Data listing:
◆ ◆ ◆ ◆

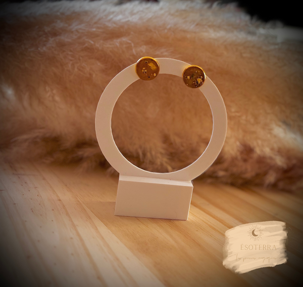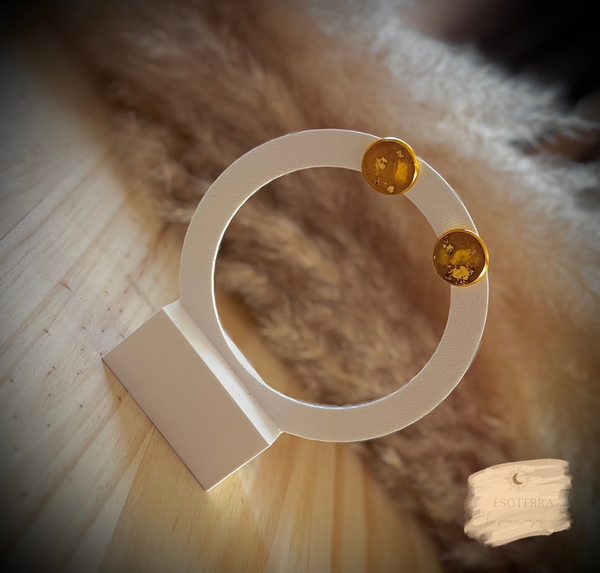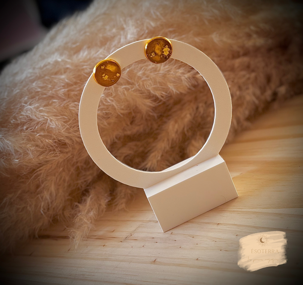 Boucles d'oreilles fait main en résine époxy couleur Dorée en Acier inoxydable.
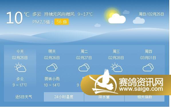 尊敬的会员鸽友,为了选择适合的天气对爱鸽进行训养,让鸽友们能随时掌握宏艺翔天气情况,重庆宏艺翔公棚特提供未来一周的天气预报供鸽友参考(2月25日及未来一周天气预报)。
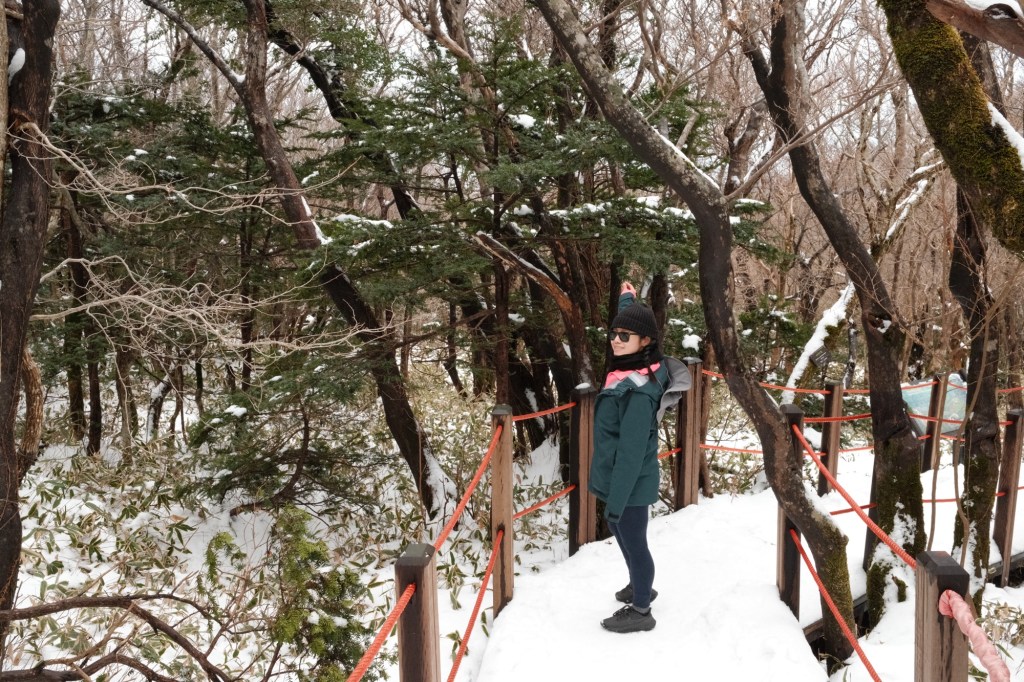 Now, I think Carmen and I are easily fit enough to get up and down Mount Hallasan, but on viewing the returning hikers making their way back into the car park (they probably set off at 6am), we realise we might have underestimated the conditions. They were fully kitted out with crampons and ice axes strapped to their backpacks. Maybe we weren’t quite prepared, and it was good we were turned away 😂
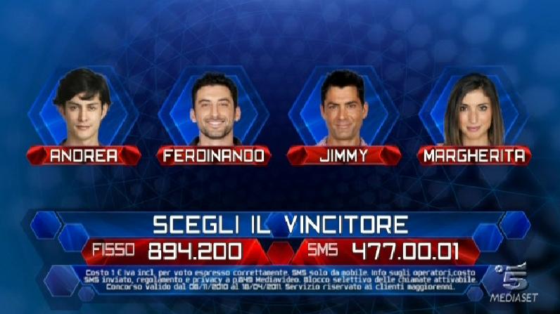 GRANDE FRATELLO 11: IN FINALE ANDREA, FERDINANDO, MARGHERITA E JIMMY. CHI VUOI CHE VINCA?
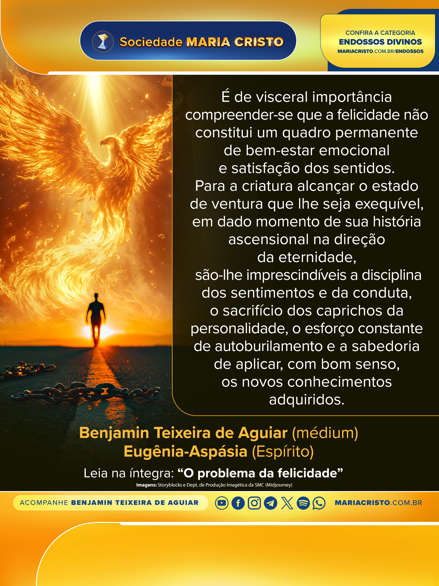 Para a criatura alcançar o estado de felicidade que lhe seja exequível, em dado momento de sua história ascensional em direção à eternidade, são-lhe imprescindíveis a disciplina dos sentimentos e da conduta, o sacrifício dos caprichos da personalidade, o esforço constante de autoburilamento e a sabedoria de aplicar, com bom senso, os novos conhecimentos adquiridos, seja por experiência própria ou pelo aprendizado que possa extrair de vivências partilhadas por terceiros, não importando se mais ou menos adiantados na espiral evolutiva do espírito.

◆ ◆ ◆ ◆

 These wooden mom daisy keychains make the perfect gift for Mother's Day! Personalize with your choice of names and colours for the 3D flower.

◆ ◆ ◆ ◆

What you need to do:
What lines above run from the one with "Now, I think" to the one with "Para a criatura"? Give them again exactly, ends included, and leave the pictures out.

Response:
 Now, I think Carmen and I are easily fit enough to get up and down Mount Hallasan, but on viewing the returning hikers making their way back into the car park (they probably set off at 6am), we realise we might have underestimated the conditions. They were fully kitted out with crampons and ice axes strapped to their backpacks. Maybe we weren’t quite prepared, and it was good we were turned away 😂
 GRANDE FRATELLO 11: IN FINALE ANDREA, FERDINANDO, MARGHERITA E JIMMY. CHI VUOI CHE VINCA?
 Para a criatura alcançar o estado de felicidade que lhe seja exequível, em dado momento de sua história ascensional em direção à eternidade, são-lhe imprescindíveis a disciplina dos sentimentos e da conduta, o sacrifício dos caprichos da personalidade, o esforço constante de autoburilamento e a sabedoria de aplicar, com bom senso, os novos conhecimentos adquiridos, seja por experiência própria ou pelo aprendizado que possa extrair de vivências partilhadas por terceiros, não importando se mais ou menos adiantados na espiral evolutiva do espírito.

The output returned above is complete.